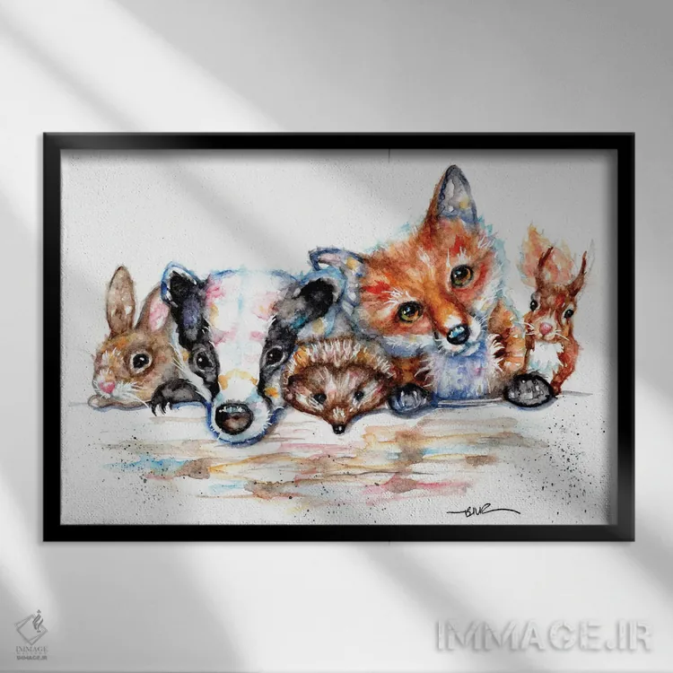 اگر به آثار حیوانات علاقه دارید، «دوستان روستایی» اثرِ «بیبزآرتس» گرما و شخصیت به فضا اضافه میکند، برای خانههایی با چوب و پارچههای گرم گزینهٔ مناسبیست. با قاب چوبی یا مشکی، حس مرتبتری پیدا میکند.
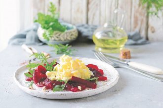 Cveklu oprati, staviti u šerpu, naliti vodom i kuvati na umerenoj vatri dok ne omekša. Prohladiti, oguliti, iseći na kolutove i staviti na tanjir za serviranje. Preliti maslinovim uljem i balzamikom, posoliti i pobiberiti, te posuti iseckanim orasima i rukolom. Jaja umutiti sa malo mleka, ispržiti u tiganju kajganu, rasporediti preko cvekle, začiniti po ukusu i odmah poslužiti.
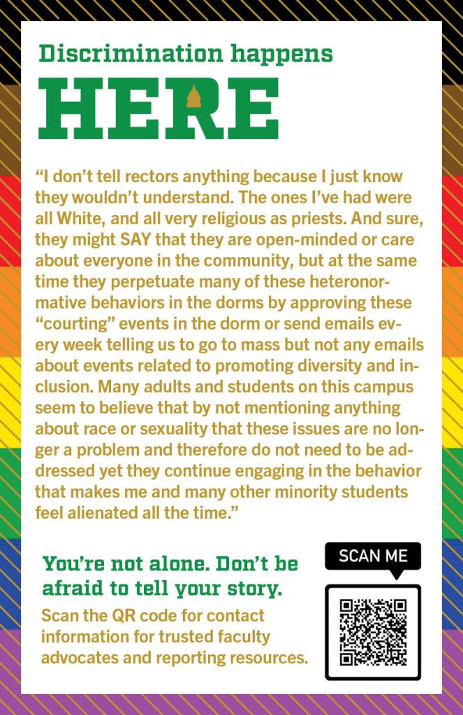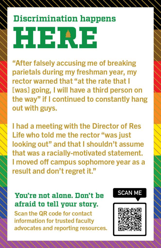 (It is recommended that students seek out faculty or staff to talk through their experiences and/or receive support in filing a report. Please also note that even with the Trump administration’s changes to Title IX, Notre Dame has elected to keep all faculty as mandatory reporters in instances of blatant discrimination, harassment, etc. except for counselors at the UCC, healthcare providers at UHS, and vowed religious people serving specifically in their role as clergy members.)
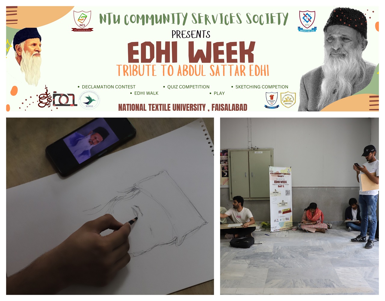 NTU Community Services Society under HEC-YDC organized the Edhi Week celebration with the NTU Debating Club, Textile Design, Literary and Wings Society from May 19 to May 21, 2024.

• Problem description
Each line above should be output exactly, apart from the pictures.

• Output below
 اگر به آثار حیوانات علاقه دارید، «دوستان روستایی» اثرِ «بیبزآرتس» گرما و شخصیت به فضا اضافه میکند، برای خانههایی با چوب و پارچههای گرم گزینهٔ مناسبیست. با قاب چوبی یا مشکی، حس مرتبتری پیدا میکند.
 Cveklu oprati, staviti u šerpu, naliti vodom i kuvati na umerenoj vatri dok ne omekša. Prohladiti, oguliti, iseći na kolutove i staviti na tanjir za serviranje. Preliti maslinovim uljem i balzamikom, posoliti i pobiberiti, te posuti iseckanim orasima i rukolom. Jaja umutiti sa malo mleka, ispržiti u tiganju kajganu, rasporediti preko cvekle, začiniti po ukusu i odmah poslužiti.
 (It is recommended that students seek out faculty or staff to talk through their experiences and/or receive support in filing a report. Please also note that even with the Trump administration’s changes to Title IX, Notre Dame has elected to keep all faculty as mandatory reporters in instances of blatant discrimination, harassment, etc. except for counselors at the UCC, healthcare providers at UHS, and vowed religious people serving specifically in their role as clergy members.)
 NTU Community Services Society under HEC-YDC organized the Edhi Week celebration with the NTU Debating Club, Textile Design, Literary and Wings Society from May 19 to May 21, 2024.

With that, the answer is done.